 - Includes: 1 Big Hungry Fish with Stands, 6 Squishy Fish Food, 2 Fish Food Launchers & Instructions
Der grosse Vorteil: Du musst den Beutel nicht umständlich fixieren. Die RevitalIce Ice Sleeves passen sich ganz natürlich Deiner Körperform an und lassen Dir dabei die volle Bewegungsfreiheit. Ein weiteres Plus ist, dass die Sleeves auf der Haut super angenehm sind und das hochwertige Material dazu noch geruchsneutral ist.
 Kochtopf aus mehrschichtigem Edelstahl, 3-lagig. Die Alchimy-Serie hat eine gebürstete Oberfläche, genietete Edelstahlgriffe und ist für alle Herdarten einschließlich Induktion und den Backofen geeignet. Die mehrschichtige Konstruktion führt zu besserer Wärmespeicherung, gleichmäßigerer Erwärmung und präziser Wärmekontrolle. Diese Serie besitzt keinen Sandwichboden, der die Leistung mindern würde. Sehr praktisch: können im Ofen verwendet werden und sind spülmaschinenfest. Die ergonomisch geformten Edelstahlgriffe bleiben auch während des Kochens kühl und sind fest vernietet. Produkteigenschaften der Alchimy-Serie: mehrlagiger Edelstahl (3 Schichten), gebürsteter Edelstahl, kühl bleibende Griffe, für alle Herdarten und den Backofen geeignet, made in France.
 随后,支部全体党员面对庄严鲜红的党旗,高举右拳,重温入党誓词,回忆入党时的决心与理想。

******************************

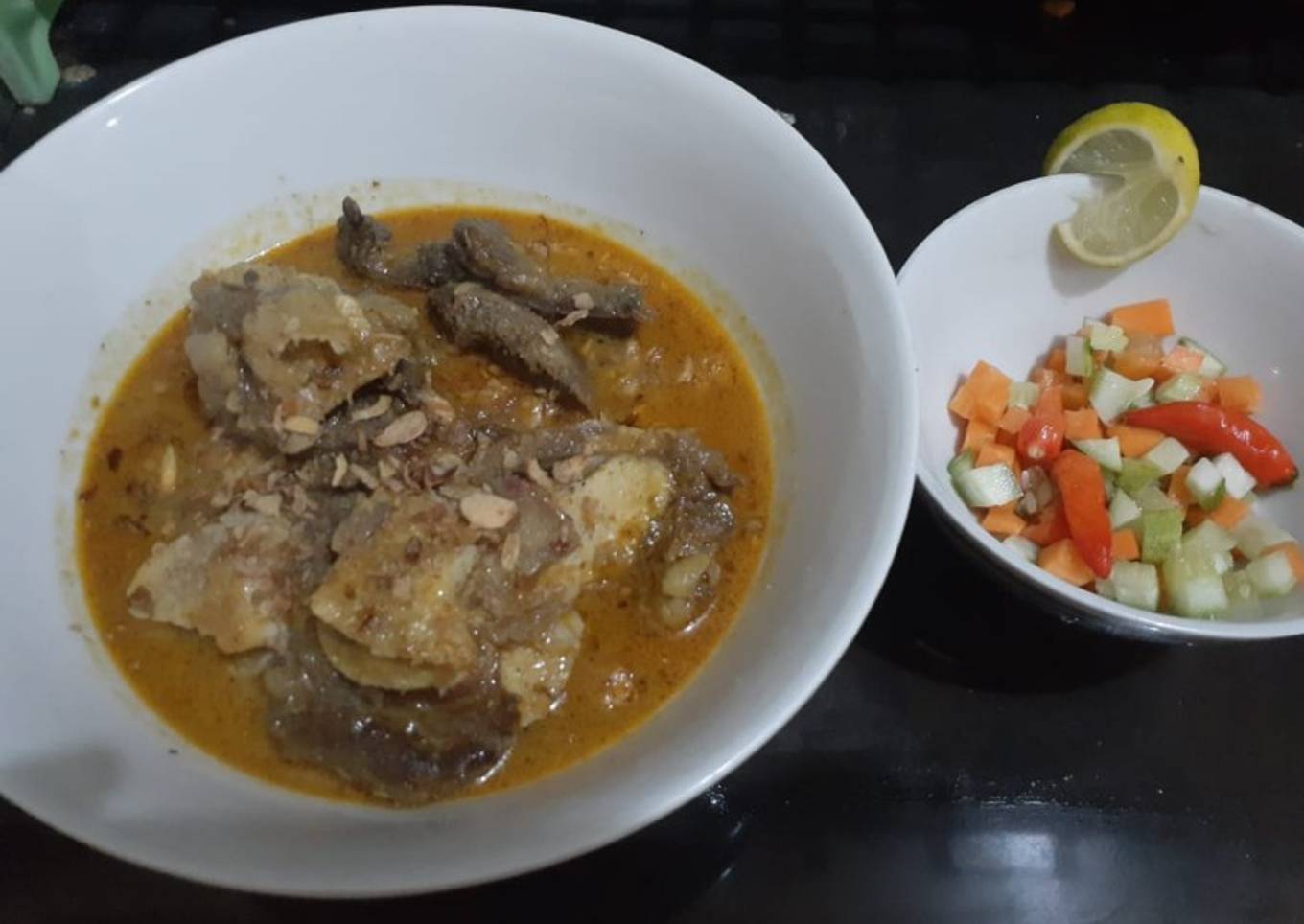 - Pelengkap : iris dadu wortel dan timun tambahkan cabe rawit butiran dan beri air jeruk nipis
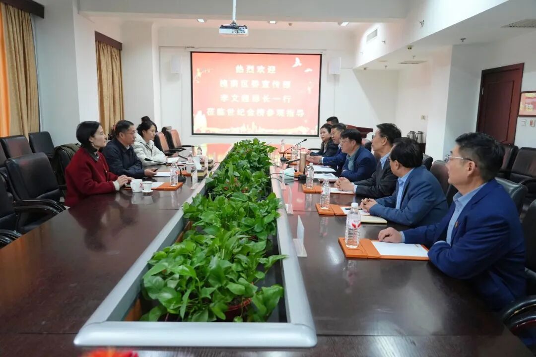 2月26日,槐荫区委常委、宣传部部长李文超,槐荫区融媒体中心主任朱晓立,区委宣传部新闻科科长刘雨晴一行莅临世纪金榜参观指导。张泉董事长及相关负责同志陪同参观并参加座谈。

******************************

■ Required work ■
Once you find the line with "- Includes: 1" above, print it and every line after it up to and including the line with "Der grosse Vorteil: Du", exactly as written and nothing else.

■ Task output ■
 - Includes: 1 Big Hungry Fish with Stands, 6 Squishy Fish Food, 2 Fish Food Launchers & Instructions
Der grosse Vorteil: Du musst den Beutel nicht umständlich fixieren. Die RevitalIce Ice Sleeves passen sich ganz natürlich Deiner Körperform an und lassen Dir dabei die volle Bewegungsfreiheit. Ein weiteres Plus ist, dass die Sleeves auf der Haut super angenehm sind und das hochwertige Material dazu noch geruchsneutral ist.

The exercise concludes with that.